Dalam hal fungsi pengawasan, lanjut Ali Basrah, DPRA telah menggunakan kewenangan tersebut secara independen hingga sampai pada tahap Interpelasi dan Angket. “Menggunakan Hak Interpelasi dan Angket, ini sudah kita gunakan. Soal Angket sudah dikembalikan ke Badan Musyawarah (Banmus) saat paripurna beberapa waktu lalu, untuk kelanjutannya kita tunggu informasi dari Banmus,” ungkapnya.
Dalam hal ini, kata Ali Basrah, ada pelajaran yang bisa dipetik dan bisa jadi rujukan bagi daerah lain, bahwa saat DPRA menggunakan haknya, maka saat itu Eksekutif menyadari bahwa ada kekeliruan yang telah dilakukan selama ini, “sehingga dengannya Eksekutif – dalam hal ini Gubernur Aceh – menyadari bahwa ia tidak bisa berjalan seenak maunya sendiri dalam menggunakan uang rakyat, harus ada persetujuan bersama dengan DPR sebagaimana amanah undang-undang,” pungkasnya.
Sementara itu, Kepala Ombudsman Aceh, Taqwaddin, dalam pemaparannya mengatakan, dalam pemerintahan (Eksekutif dan Legislatif) sering kali menimbulkan konflik bukan disebabkan masalah hukum, tapi karena masalah komunikasi yang buruk. “Konflik yang terjadi antara DPRA dan Gubernur Aceh saat itu karena komunikasi tidak jalan. Diundang ke Paripurna tidak datang-datang, ini yang menjadi masalah saat itu,” kata Taqwaddin, mengawali diskusinya.
Dalam perspektif keilmuan, lanjut Taqwaddin, Eksekutif dan Legislatif harus mengetahui betul masalah kebijakan publik. “Karena orientasinya adalah kepentingan publik, maka kebijakan publik ini, penggunaan uang publik, harus dikomunikasikan. Misalnya Dana Refocusing, apakah DPRA mengetahui detailnya kemana saja peruntukan, berapa jumlah penerima bansos. Dalam hal ini yang menimbulkan masalah karena tidak adanya komunikasi dan transparansi dari Eksekutif terhadap mitranya Legislatif. Maka dari itu komunikasi ini sangat penting,” tegasnya.

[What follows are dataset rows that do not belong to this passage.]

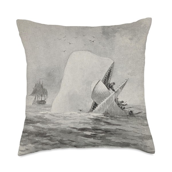 Moby Dick Whale Attacking a Whaling Ship (1892) Throw Pillow
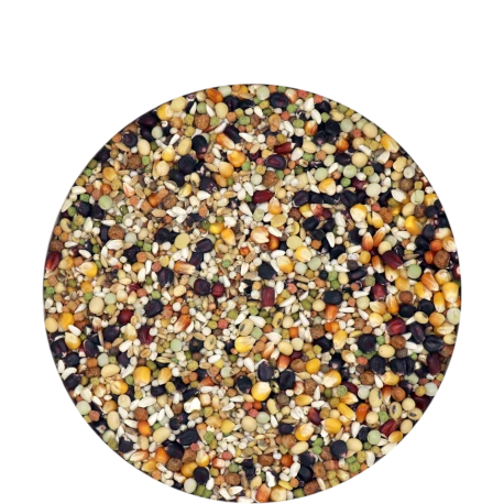 Maïs noir 10%, Maïs bordeaux 4%, Maïs rouge 4%, Maïs cribs premium 4%, Petits maïs cribs 4%, Graines de soja toasté 6%, Maple peas 4%, Petits pois verts 4%, Vesces 2%, Katjang Idjoe 2%, Froment blanc 6%, Dari blanc 12%, Dari rouge 4%, Cardy 12%, Riz Paddy 2%, Brisures de riz 2%, Avoine pelée 2%, Chanvre 3%, Sarrasin 1%, Alpiste 1%, Millet jaune 1%, Graines de lin brun 1%, Graines de navette 1%, Graines de colza noir 1%, Graines de chardon-Marie 1%, Granulé sport I.C.+ 6%
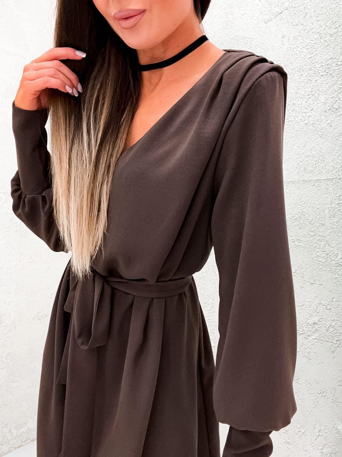 SUKIENKA WIĄZANA W PASIE- CZEKOLADA

Dosen Fakultas Hukum Unsyiah itu menambahkan, ada konsekuensi yang sangat serius yang harus diterima akibat komunikasi buruk yang dipertontonkan Eksekutif selama ini, yaitu munculnya kecurigaan publik sehingga menurunkan kepercayaan publik kepada pemerintah.
Terkait proyek Multy Years berupa belasan rua jalan, Taqwaddin tidak menampik bahwa itu sesuatu yang sangat dibutuhkan oleh masyarakat di pedalaman Aceh. Proyek jalan “jaring laba-laba” ini, kata Taqwaddin, sejatinya sudah digodok sejak masa Ibrahim Hasan, kemudian sempat dilanjutkan masa Abdullah Puteh, namun terhenti dan baru hari ini mau digerakkan lagi.

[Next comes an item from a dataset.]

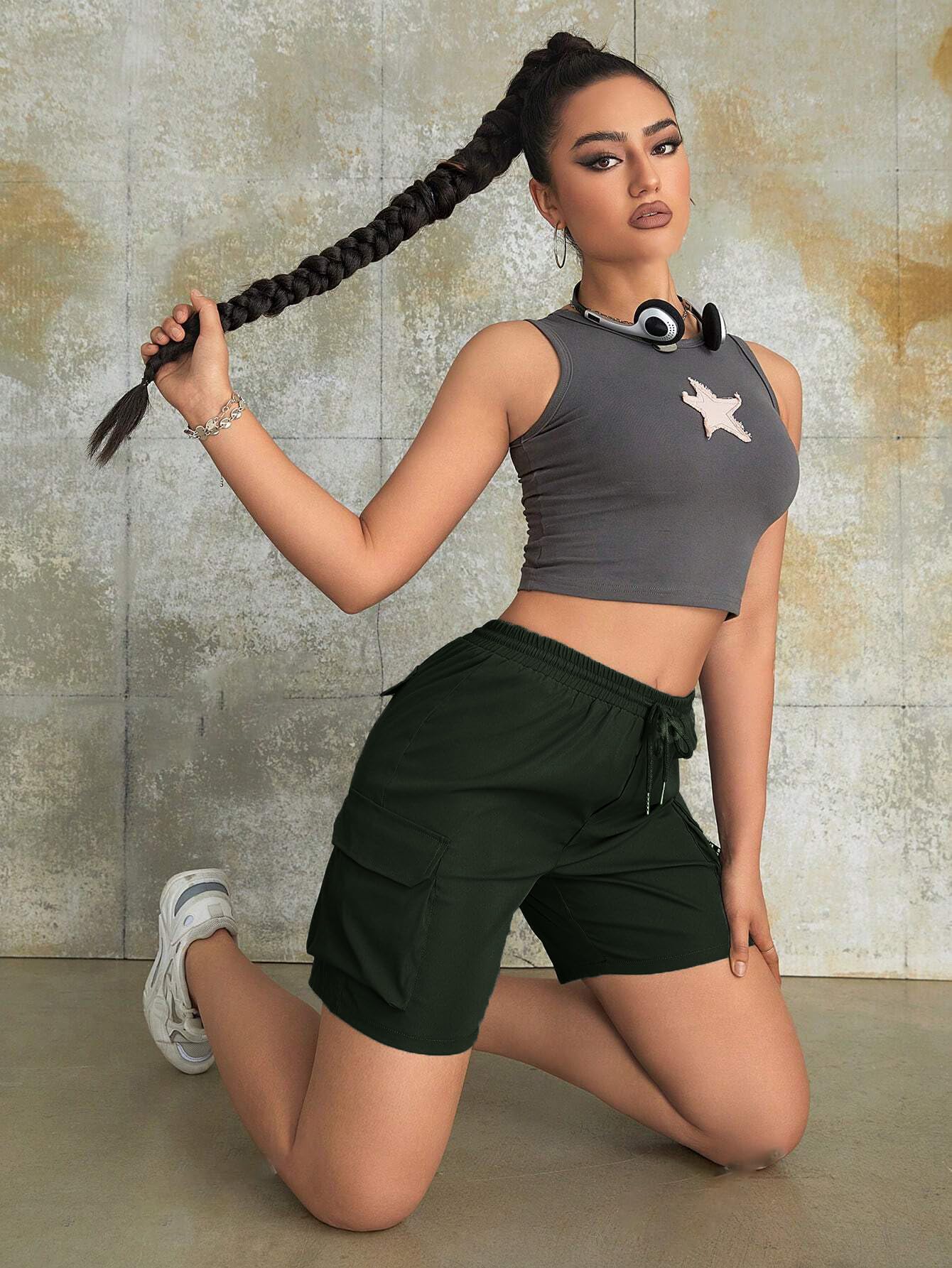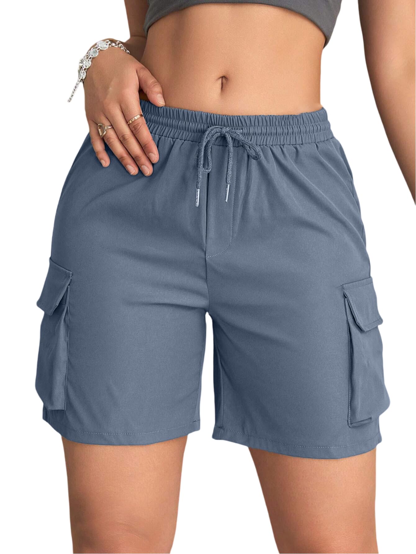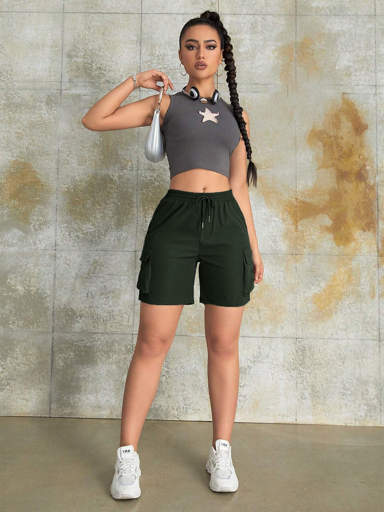 These stylish women's cargo shorts from SAKHWALA combine comfort and fashion effortlessly. Featuring a practical drawstring waist for a customised fit, these shorts are perfect for various occasions. The classic colours and cargo-style pockets add both functionality and aesthetic appeal. The relaxed fit design ensures unrestricted movement, making them ideal for travelling, outdoor activities, or casual outings. The shorts showcase utility pockets on both sides, perfect for carrying small essentials. The lightweight fabric offers comfort throughout the day, while the elastic waistband with drawstring provides secure and adjustable wear. These versatile shorts can be paired with crop tops, t-shirts, or casual tops for a trendy look. Whether you're heading for a casual day out or planning outdoor adventures, these shorts are a wardrobe essential that combines style with practicality.

“Jadi akses jalan ini sangat dibutuhkan oleh masyarakat pedalaman Aceh. Kemudian muncul polemik di DPRA sehingga sempat dibatalkan, karena ada administrasinya yang tidak beres, itu yang jadi masalahnya. Dan ini bagus supaya tidak menimbulkan masalah di kemudian hari,” sebut Taqwaddin.
Kepala Ombudsman Aceh ini mengharapkan agar elite Pemerintahan di Aceh membangun komunikasi yang baik dan saling percaya agar pembangunan Aceh dapat berjalan dengan baik. “Kalau antar elite tidak komunikatif, peluang-peluang yang sangat besar dari Pusat terabaikan. Kalau hanya ribut dengan APBA terus, kita tidak sempat berfikir lagi tentang kepentingan Aceh yang lebih besar yang bisa dijemput dari Pemerintah Pusat,” pungkasnya.